To exploit it, an attacker needs to send BGP UPDATE messages to the vulnerable FRR speaker, which means having (or spoofing) a BGP session with it. That’s not trivial from the outside if your BGP is well filtered, but among operators and in networks with many peers the trust model is broader than it looks.

CVE-2026-37459: underflow while processing an NHC TLV

The second is an integer underflow. It affects the FRR stable branches from 10.0 through 10.6. The daemon processes a BGP UPDATE with a malformed Next Hop Capability (NHC) type-length-value field. When tlv_length is crafted to land just below the remaining buffer length, the subtraction length -= tlv_length + BGP_NHC_TLV_MIN_LEN underflows into a large unsigned value. From there the parser reads where it shouldn’t and the process crashes.
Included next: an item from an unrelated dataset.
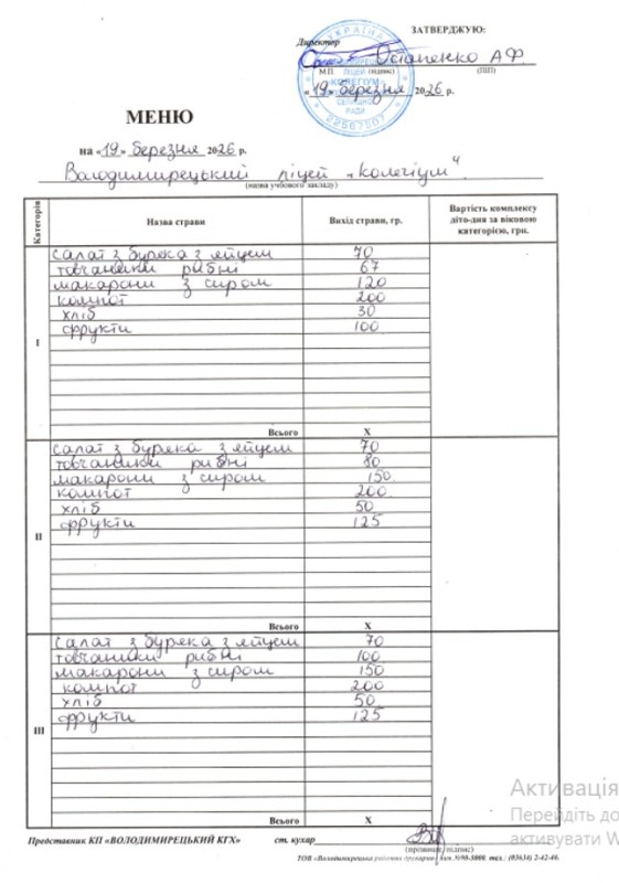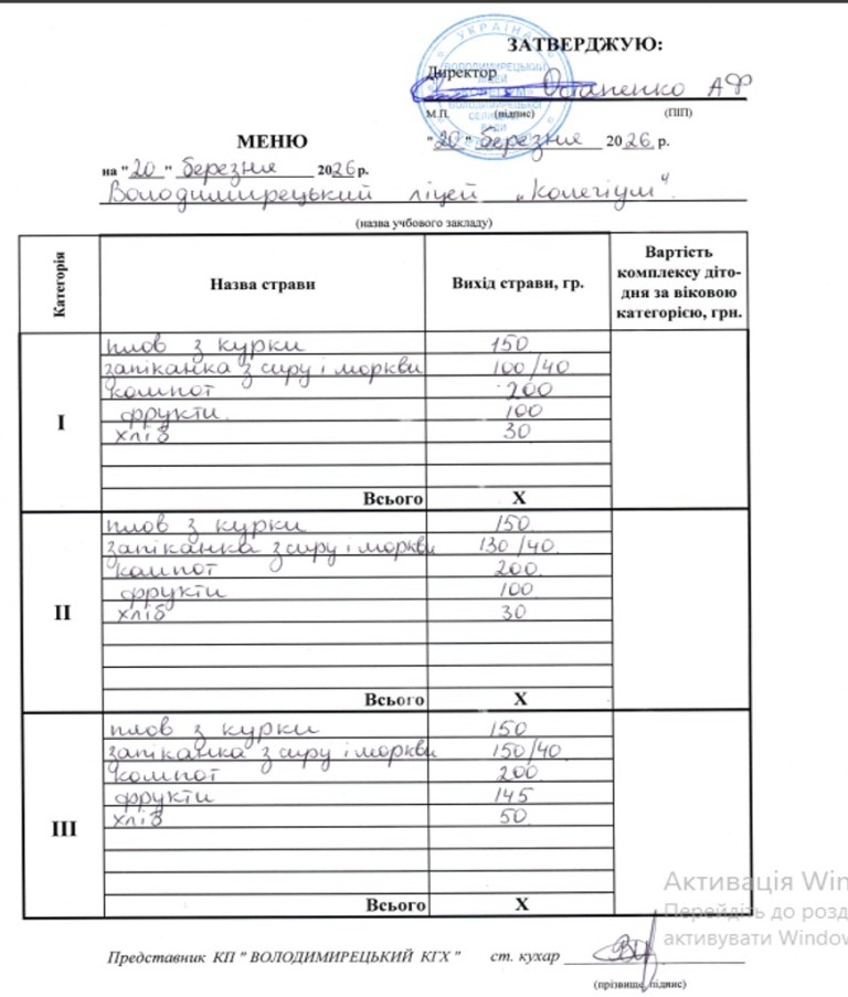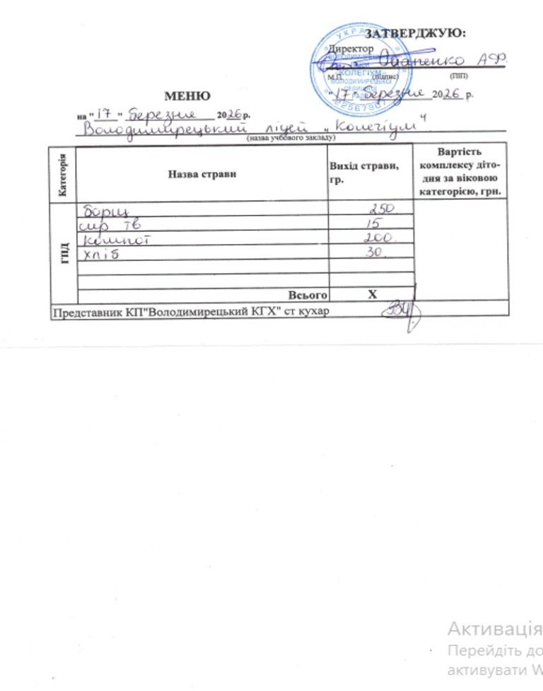 Меню на 17.03.2026 року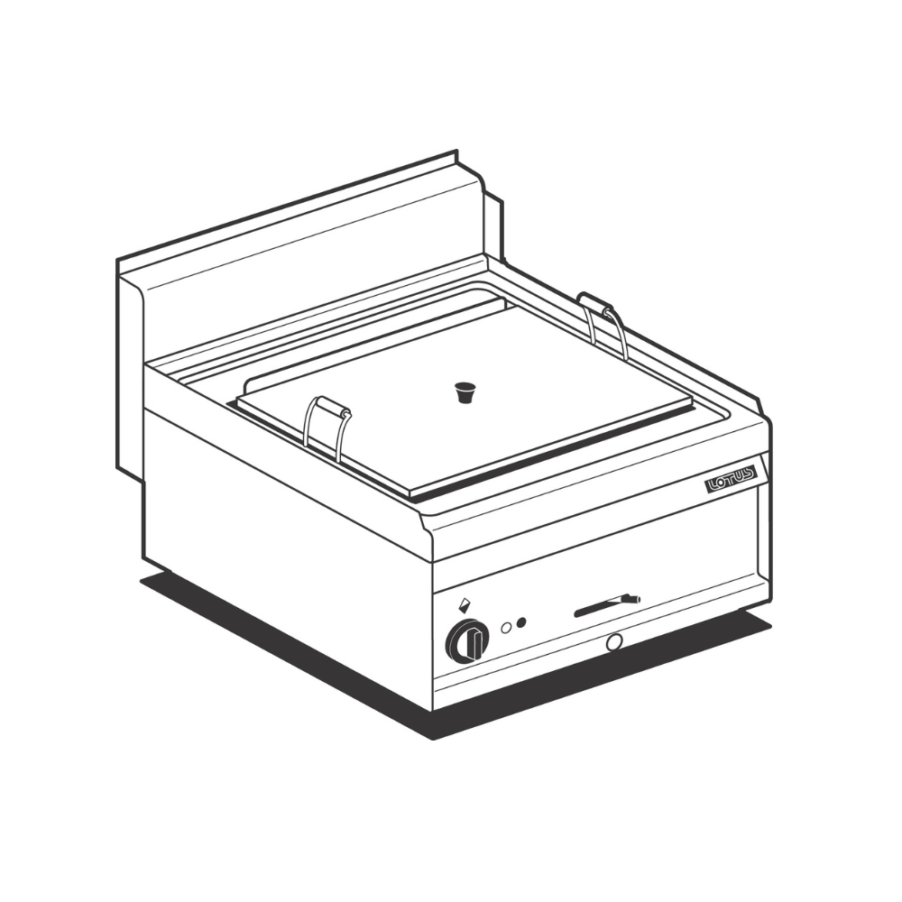 La friggitrice elettrica FP-6ET della linea 65 MagicProf è progettata per un utilizzo professionale intensivo, offrendo elevate prestazioni in una configurazione compatta top. Ideale per installazione su basi o piani di lavoro, consente di ottimizzare gli spazi operativi in cucina. La struttura in acciaio inox AISI 304 (CrNi 18/10) con finitura Scotch-Brite garantisce resistenza alla corrosione, igiene e lunga durata nel tempo. Il piano di lavoro con spessore di 1 mm e alzatina posteriore migliora la sicurezza e facilita la pulizia. La vasca da 23 litri è dotata di coperchio, cesto in rete d’acciaio cromato e filtro vasca con supporto cestino, assicurando elevati standard igienici. Il sistema con resistenza elettrica ad alta potenza garantisce un riscaldamento rapido ed uniforme. Dotata di doppio termostato (di lavoro e di sicurezza), assicura un controllo preciso della temperatura e un utilizzo sicuro. Lo scarico olio frontale facilita le operazioni di manutenzione, mentre la resistenza ruotabile consente una pulizia agevole della vasca. Caratteristiche tecniche: – Tipologia: friggitrice elettrica top; – Capacità: 23 lt; – Dimensioni vasca: 50 x 35 x H 22 cm; – Dimensioni esterne: L 60 x P 65 x H 29 cm; – Potenza elettrica: 14,3 kW; – Alimentazione: 400 V ~ 3N; – Frequenza: 50/60 Hz; – Struttura: acciaio inox AISI 304 (CrNi 18/10); – Spessore piano: 1 mm; – Termostati: doppio (lavoro + sicurezza); – Riscaldamento: resistenza elettrica; – Scarico olio: frontale; – Resistenza: ruotabile; – Cesto: acciaio cromato; – Coperchio vasca: sì; – Piedini: regolabili.

The vector is again a crafted BGP UPDATE. Same result: bgpd goes down and the routes disappear.

Who’s affected and how serious it is

Red Hat rates the advisory as Important. There’s no code execution at stake according to the published analysis, only denial of service, but in network infrastructure that’s already serious. The real impact depends on your topology: if bgpd is the piece holding up your forwarding table, losing it isolates the box until the daemon restarts and reconverges.

It affects FRRouting installs on RHEL 10. Other distributions shipped their own advisories for the same CVEs (Ubuntu in USN-8376-1, for example), so check the update channel that matches your distro.

Mitigation

The fix landed in FRR 10.4.4. On RHEL 10 the updated package is frr-10.4.4-1.el10_2:

sudo dnf update frr
sudo systemctl restart frr

Restarting frr triggers a reconvergence of the BGP sessions, so plan for it or use graceful restart if you have it configured. As extra hardening, be strict about who you peer with and apply tight prefix and peer filters. The less arbitrary the set of parties who can send you an UPDATE, the smaller the surface for both bugs.

If you manage Red Hat Enterprise Linux machines, also check the FRR versions inside any appliance or derived image you run in production.